─── Excerpted records ───

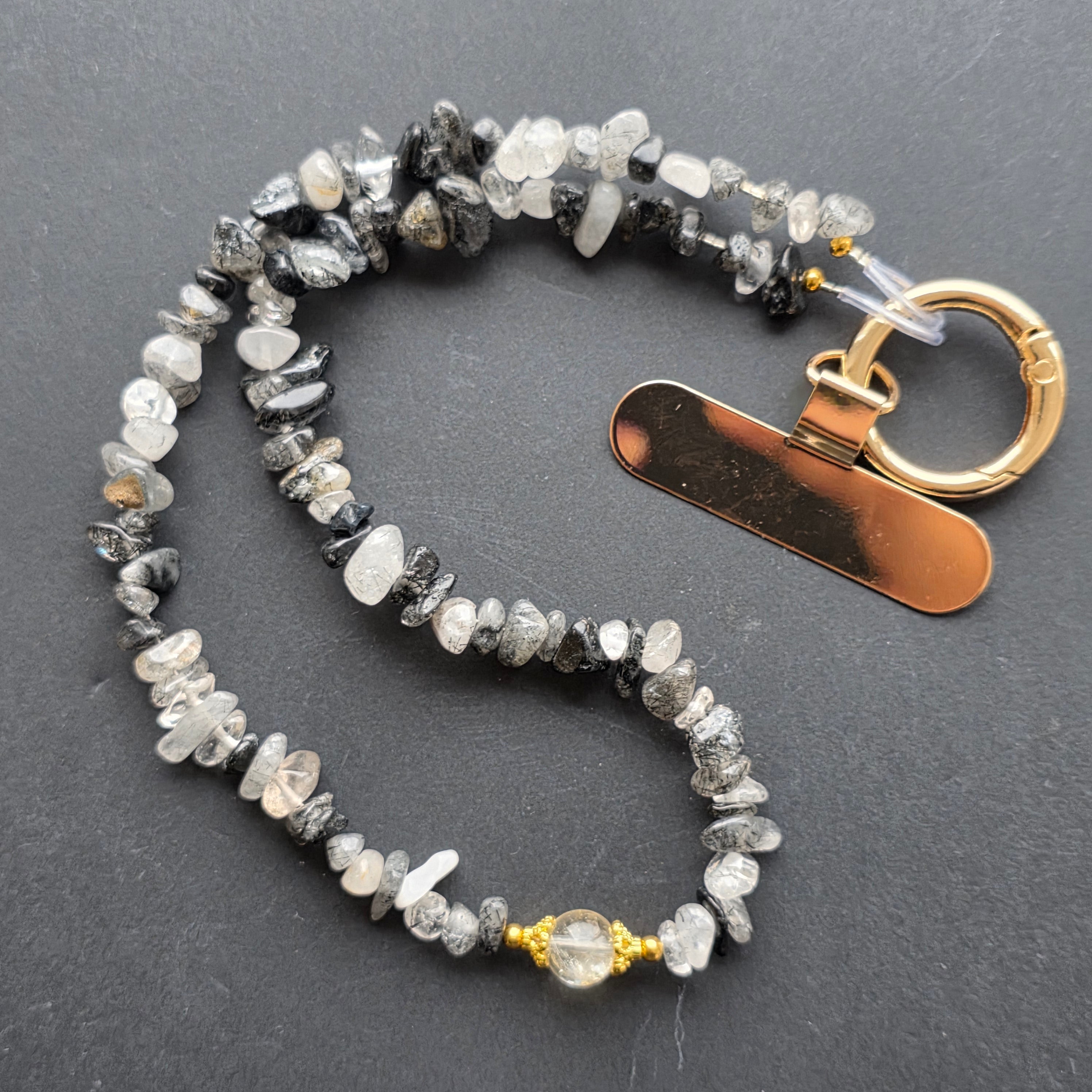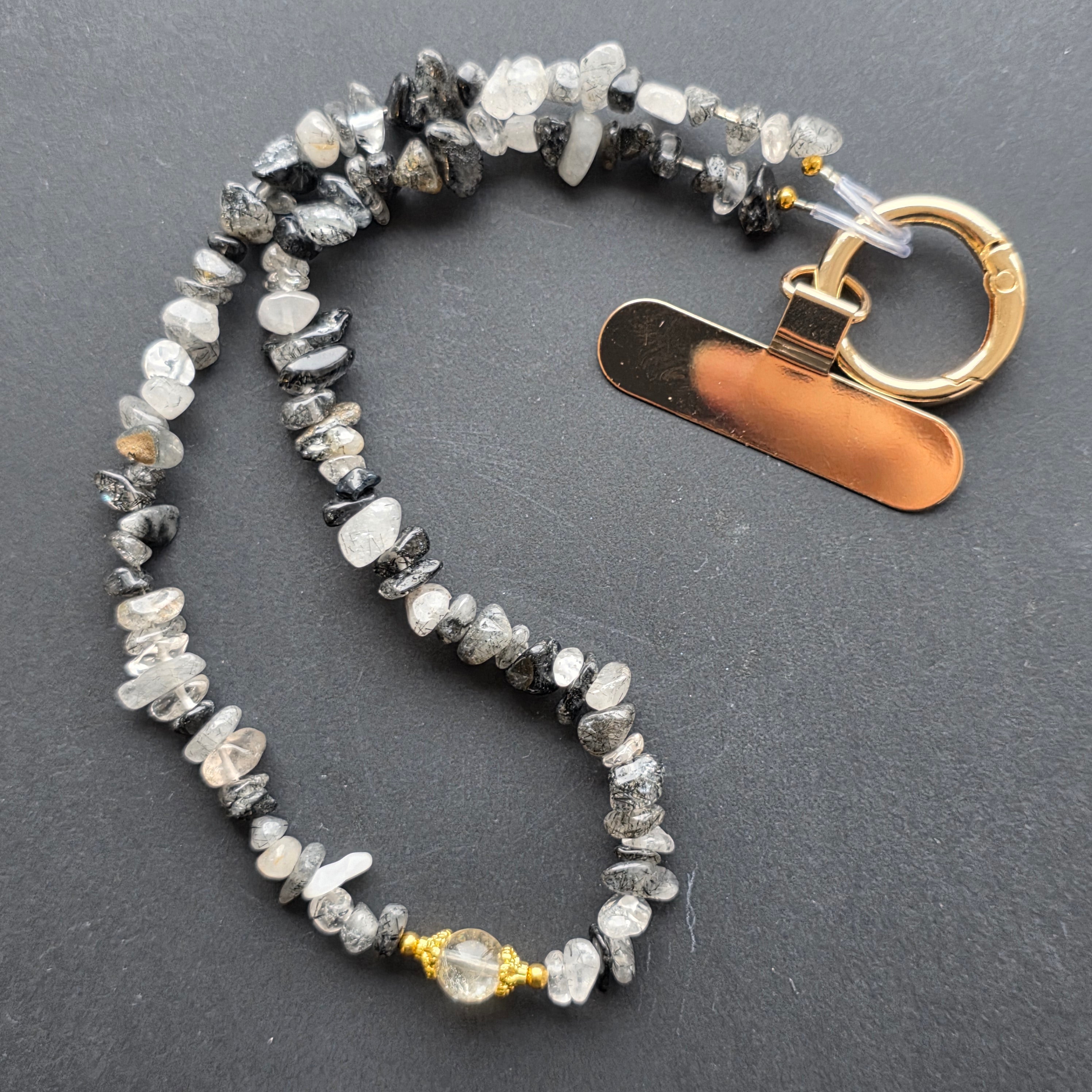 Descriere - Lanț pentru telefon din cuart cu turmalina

───
─── Excerpted records ───

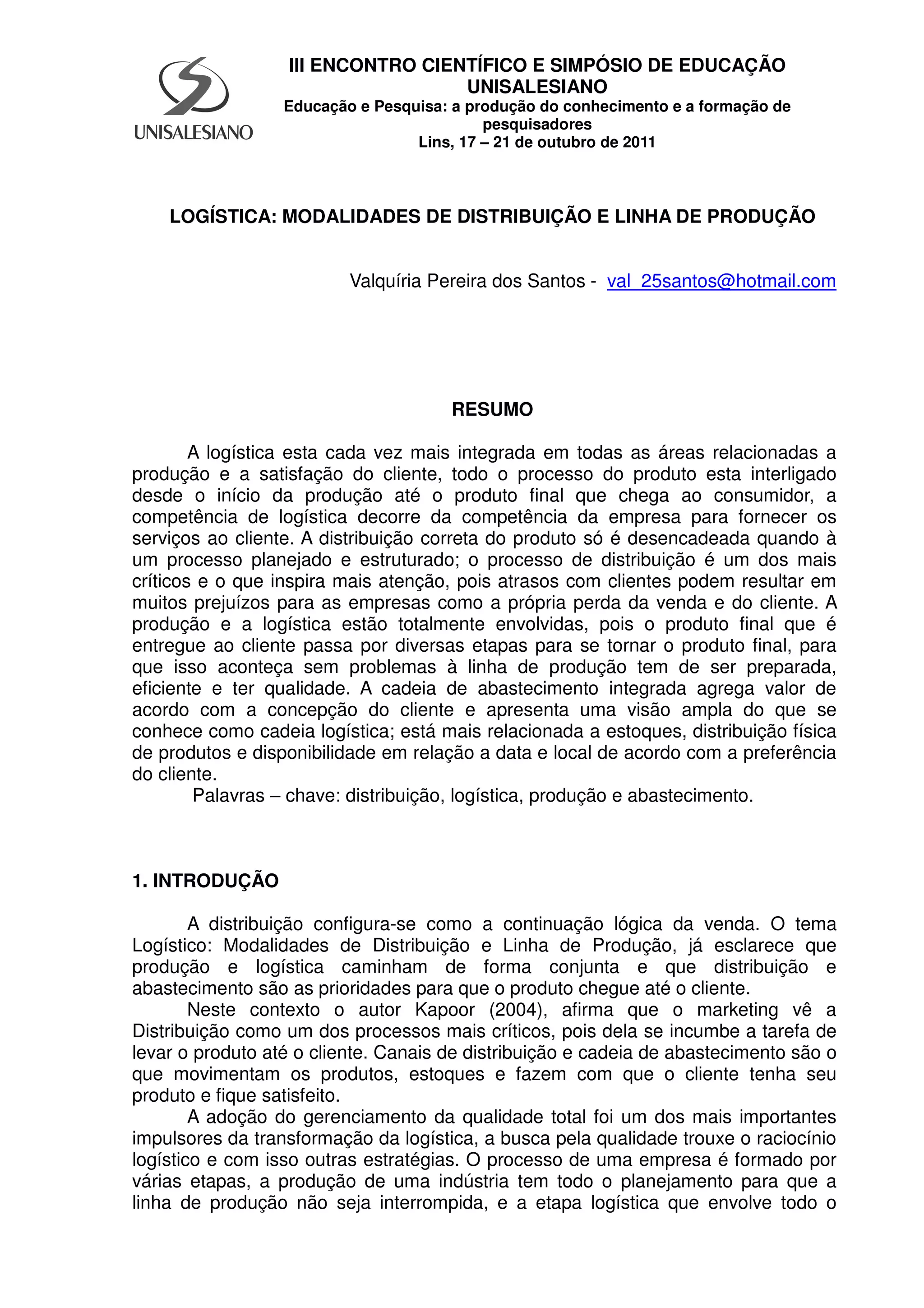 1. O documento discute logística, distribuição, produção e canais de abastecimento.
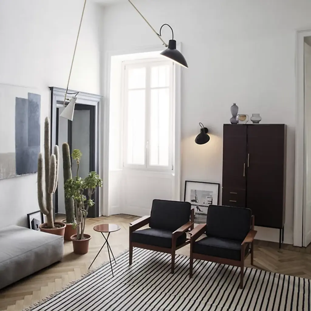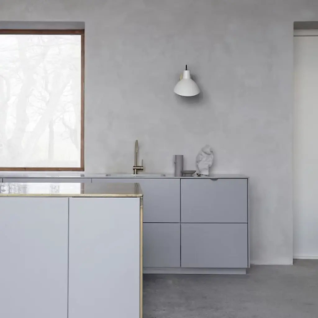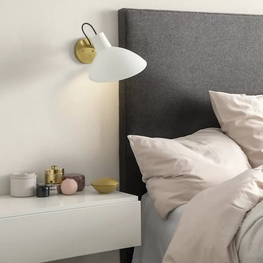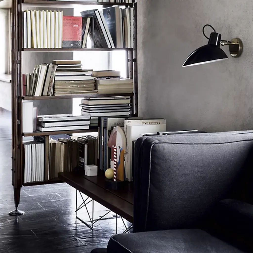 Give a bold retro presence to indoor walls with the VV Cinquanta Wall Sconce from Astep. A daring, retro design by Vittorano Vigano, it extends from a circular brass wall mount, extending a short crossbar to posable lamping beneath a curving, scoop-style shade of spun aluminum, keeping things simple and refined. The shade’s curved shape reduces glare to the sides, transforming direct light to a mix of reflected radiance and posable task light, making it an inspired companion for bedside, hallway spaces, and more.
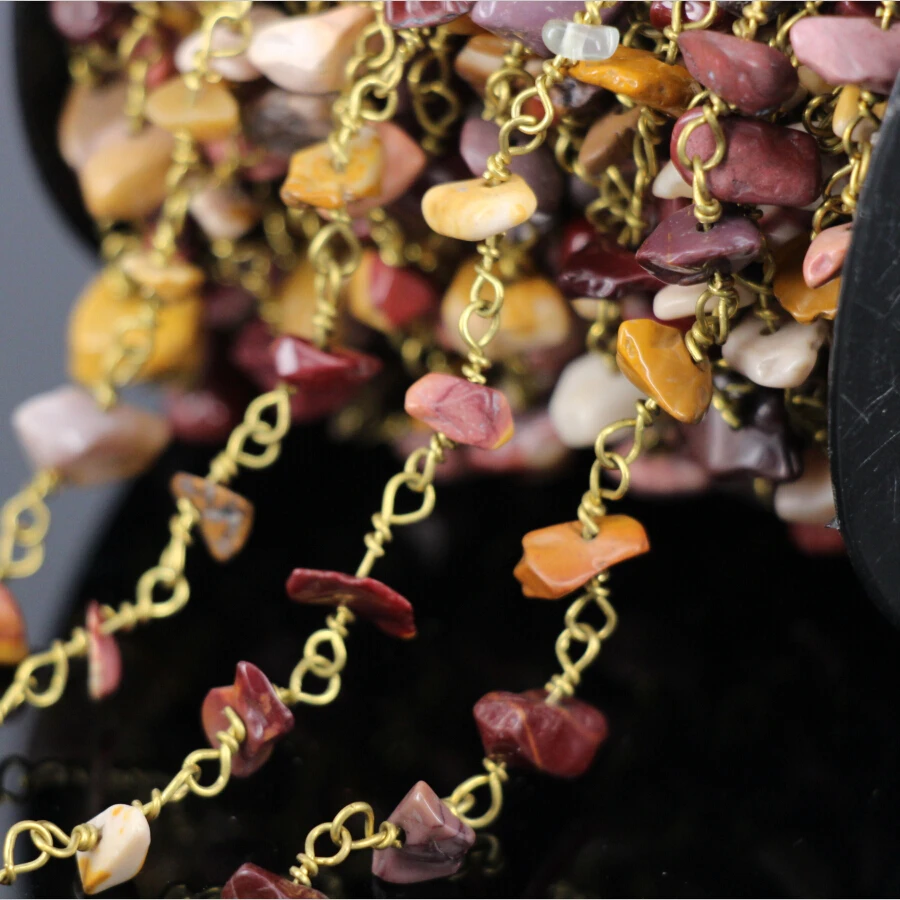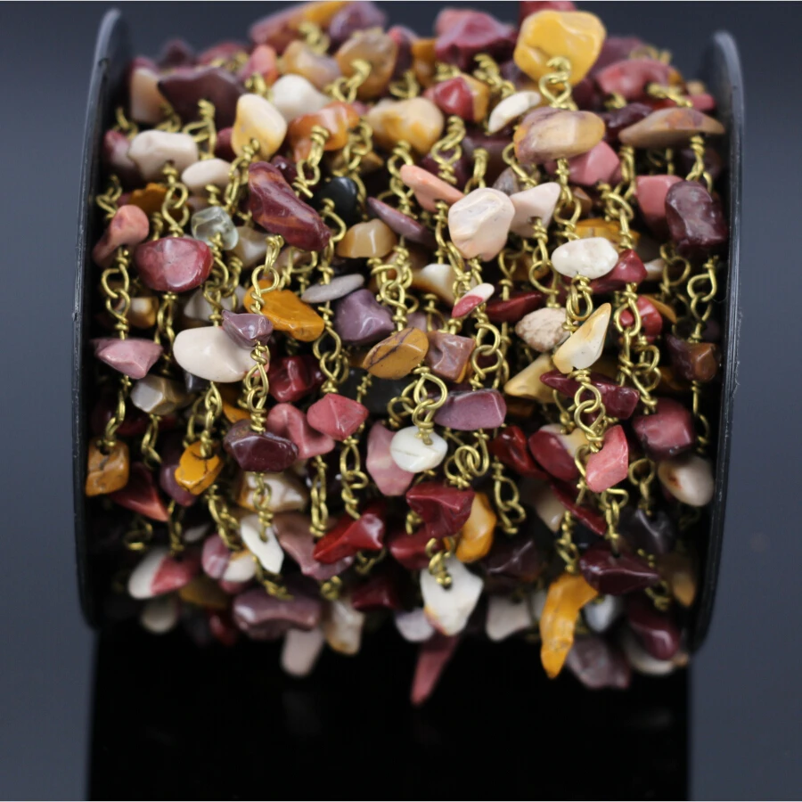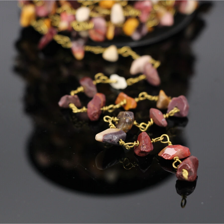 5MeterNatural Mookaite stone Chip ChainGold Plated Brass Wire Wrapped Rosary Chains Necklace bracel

───

Activity ▸ Set down, exactly as written above, each line from the one with "Give a bold" through the one with "5MeterNatural Mookaite stone", and skip the pictures.

Solution to the problem ▸
 Give a bold retro presence to indoor walls with the VV Cinquanta Wall Sconce from Astep. A daring, retro design by Vittorano Vigano, it extends from a circular brass wall mount, extending a short crossbar to posable lamping beneath a curving, scoop-style shade of spun aluminum, keeping things simple and refined. The shade’s curved shape reduces glare to the sides, transforming direct light to a mix of reflected radiance and posable task light, making it an inspired companion for bedside, hallway spaces, and more.
 5MeterNatural Mookaite stone Chip ChainGold Plated Brass Wire Wrapped Rosary Chains Necklace bracel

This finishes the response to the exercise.